On 2-core/4-thread cpu, we got a more than four–fold speed boost. This is impressive, given the cpu does have 2 complete cores only. Obviously, the performance improvement depends on the task. This particular problem is embarrasingly parallel, the threads can work completely independent of each other.

Timing Examples

As an extended timing example, we run all the (optimized) examples above using a Xeon-L5420 cpu with 8 cores, single thread per core. The figure below depicts the compute time for single-threaded R and C++ code, and for C++/openMP code with 8 threads, as a function of data size. timings The figure reveals several facts. First, for non-parallelized code we can see that

  1. Optimized R and C++ code are of virtually identical speed.
  2. compute time grows linearily in data size.

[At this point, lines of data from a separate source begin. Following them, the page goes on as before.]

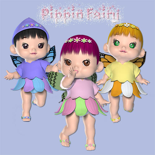 Pippin now has a fairy outfit. Skirt, top, cap, hair and foot flowers and wings. The wings need to be parented to Pippin's chest, not conformed. Three sets of mat poses.
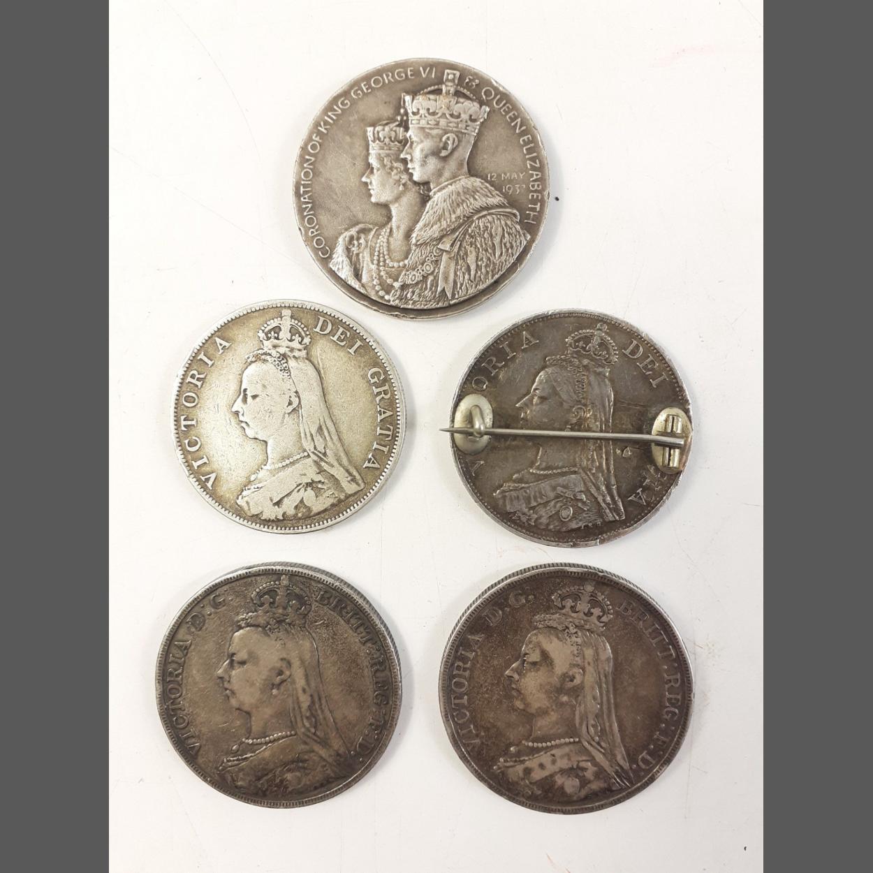SILVER TREASURE LOT to include four VICTORIA CROWNS, one set as a brooch and a 1937 Coronation medal. Nice lot, weighs 130g in total approx.
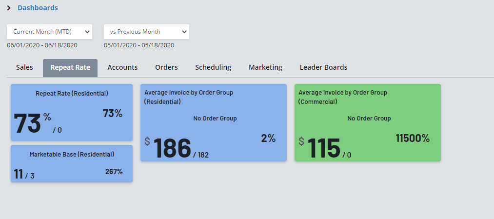 Repeat Rate (Residential): Your repeat rate for residential accounts, and percentage growth.

For openMP code the figure tells

  1. openMP with 8 threads is substantially slower for data size less than about 100k. For larger data, multi-threaded approach is clearly faster.
  2. openMP execution time is almost constant for data size up to 4M. For larger data vectors, it increases linearily. This suggests that for smaller data size, openMP execution time is dominated by thread creation and management overheads, not by computations.

Finally, let’s compare the computation times for different number of threads for 8M data size. timings_n The figure shows the run time for single threaded versions of the code (R and C), and multi-threaded openMP versions with 1 to 9 threads (OMP.1 to OMP.9).

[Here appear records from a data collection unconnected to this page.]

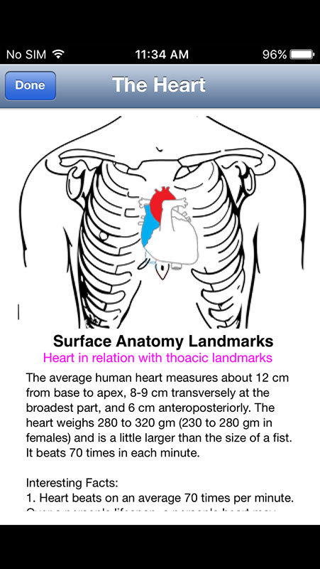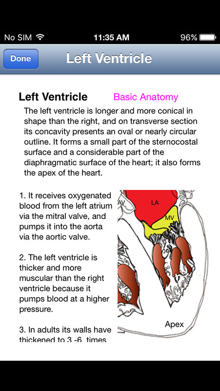 Heart Illustrated is one of those apps. It is a quick reference to a basic heart anatomy provided in an easy-to-use format, with helpful hand-drawn illustrations.
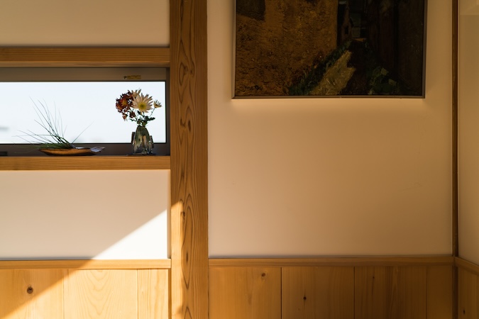 オーナー宅の解体する古い蔵の梁や柱を、少しスケールアウトだが、天井とドア脇に使用した。
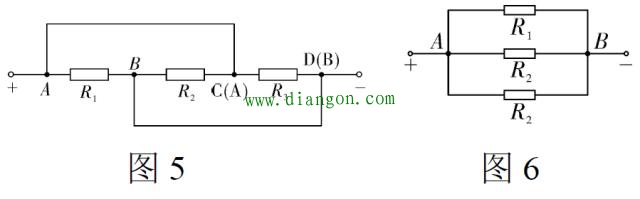 第二步合并节点。根据节点的特点,你标出的某几个节点有可能等效为同一节点,必须将属同一节点的字母(或符号)改为同一字母(或符号),如图5所示电路中点A与点C为同一节点,应改C为A,点B与点D为同一节点,应将D改写为B,也就是说图5所示电路实质上有两个节点A和B。

  1. More cpus give us shorter execution times. 1-thread OMP will run almost 1.7 times slower than 8-threaded version (3.9 and 2.3 s respectively).
  2. The gain of more cpu cores working on the problem levels off quickly. Little noticeable gain is visible for more than 3 cores. It indicates that the calculations are only partly limited by computing-power. Another major bottleneck may be memory speed.
  3. Last, and most strikingly, even the single threaded OMP version of the code is 4.8 times faster than single-threaded C++ version with no OMP (18.6 and 3.9 s respectively)! This is a feature of the particular task, the compiler and the processor architecture. OMP parallel for–loops allow the compiler to deduce that the loops are in fact independent, and use faster SSE instruction set. This substantially boosts the speed but requires more memory bandwidth.

Conclusion

With the examples above I wanted to show that for many tasks, openMP is not hard to use. If you know some C++, parallelizing your code may be quite easy. True, the examples above are easy to parallelize at R-level as well, but there are many tasks where this is not true. Obviously, in the text above I just scratched the surface of openMP. If you consider using it, there are many excellent sources on the web. Take a look!

I am grateful to Peng Zhao for explaining the parallel loops and SSE instruction set.